The Still Point of the Turning World

The Still Point of the Turning World April 4, 2015

The first time I went to a Catholic church on Good Friday, to celebrate the liturgy of the Lord’s passion, I was confused by the empty holy water font, the darkness, and the absence of the Mass. The next year, when I went again as a Catholic, I was unnerved by it all. “But where is He?” I whispered urgently to the Ogre. “Where is Christ, right now? If He is always here, where is He now?”

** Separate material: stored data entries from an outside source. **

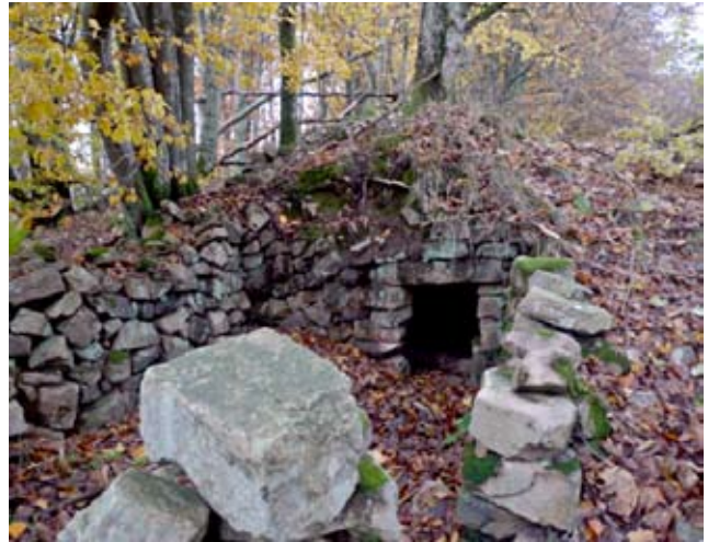
Rester av Kvärkaskogen 1 inspekteras av Kulturföreningen. Till höger syns en primitiv jordkällare.

huset och en jordkällare finns kvar. Ägare av jorden sedan 1930-talet Gustavsborgs säteri eller medlemmar av fam Wendt.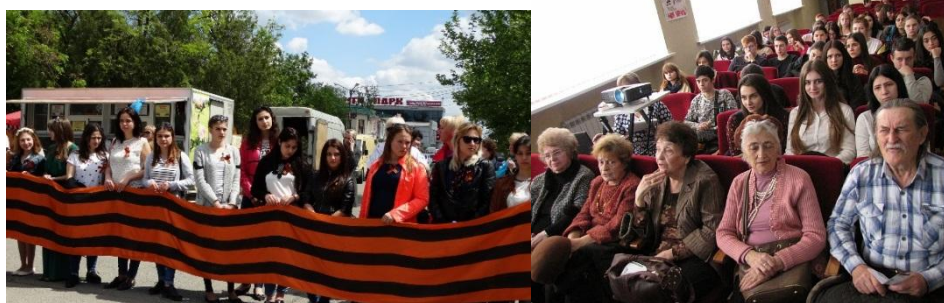
Фото отчет мероприятий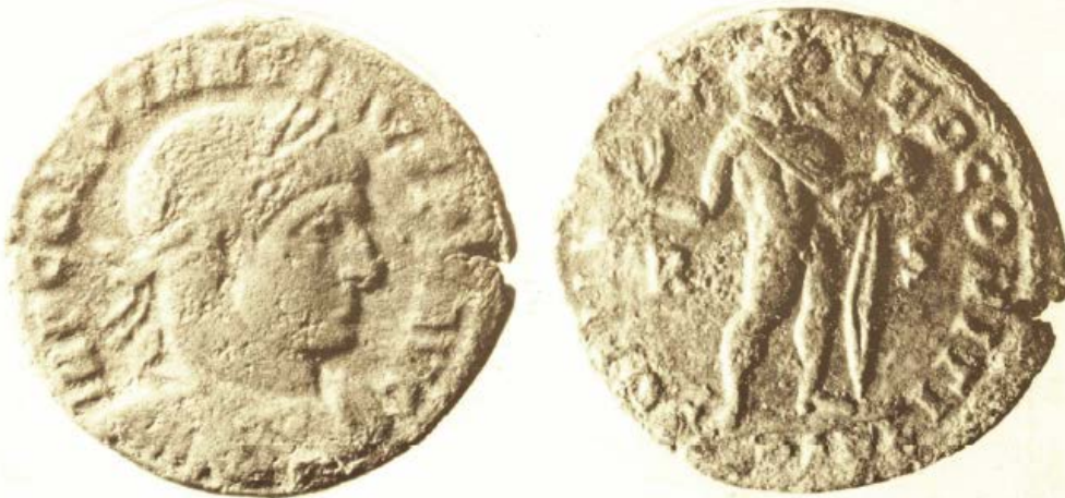
Fig. 3 - Columbaris - Settore IV, 1: aes di Costantino, 317 d.C., (da CUGLIERI I, tav. XXXIX).

Gli esemplari di epoca romana imperiale (figg. 3-5) si datano dal III d. C. fino al VI secolo d.C. e quelli pertinenti agli imperatori da Gallieno (253-258 d.C.) a Giustiniano I (527-565 d.C.) sono i più numerosi. Inoltre, sono state rinvenute ventotto monete vandale, delle quali due sono protovandale, le restanti si riferiscono ai regni di Gutamondo (484-496 d.C.), Trasamondo (496-523 d.C - fig. 6 - e Ilderico (523-530 d.C.) 1 .

I’ve always been fascinated by the idea of time in the Mass. It’s called the Holy Sacrifice of the Mass, not the Remebrance of the Holy Sacrifice. It’s the same sacrifice as the sacrifice of the Cross. It’s like the Crucifixion happened once, and never stopped happening. It happened two thousand years ago and it happened last week, and it will keep happening, again and again until the end of time.

Except not today. Today, there is silence and the world is still.

Last night as I left the church, I felt that same sort of unsettled emptiness that I did eight years ago. The candles were gone, the water was gone, the altar was bare, and Christ was not there.  He is in His tomb today, and in Hell, and here on earth time is still as we wait for His return.

Hans_Holbein-_The_Body_of_the_Dead_Christ_in_the_Tomb

Yet the enchainment of past and future
Woven in the weakness of the changing body,
Protects mankind from heaven and damnation
Which flesh cannot endure.

Time past and time future
Allow but a little consciousness.
To be conscious is not to be in time
But only in time can the moment in the rose-garden,
The moment in the arbour where the rain beat,
The moment in the draughty church at smokefall
Be remembered; involved with past and future.
Only through time time is conquered.

TS Eliot, from Burnt Norton

 

 

 

(Apologies for the screwy formatting in the Burnt Norton excerpt — I tried to fix it a few times but couldn’t spend any more time on it when I should be making spanakopita. It’s really bugging me too, though, so don’t feel alone in your lit-geekery.)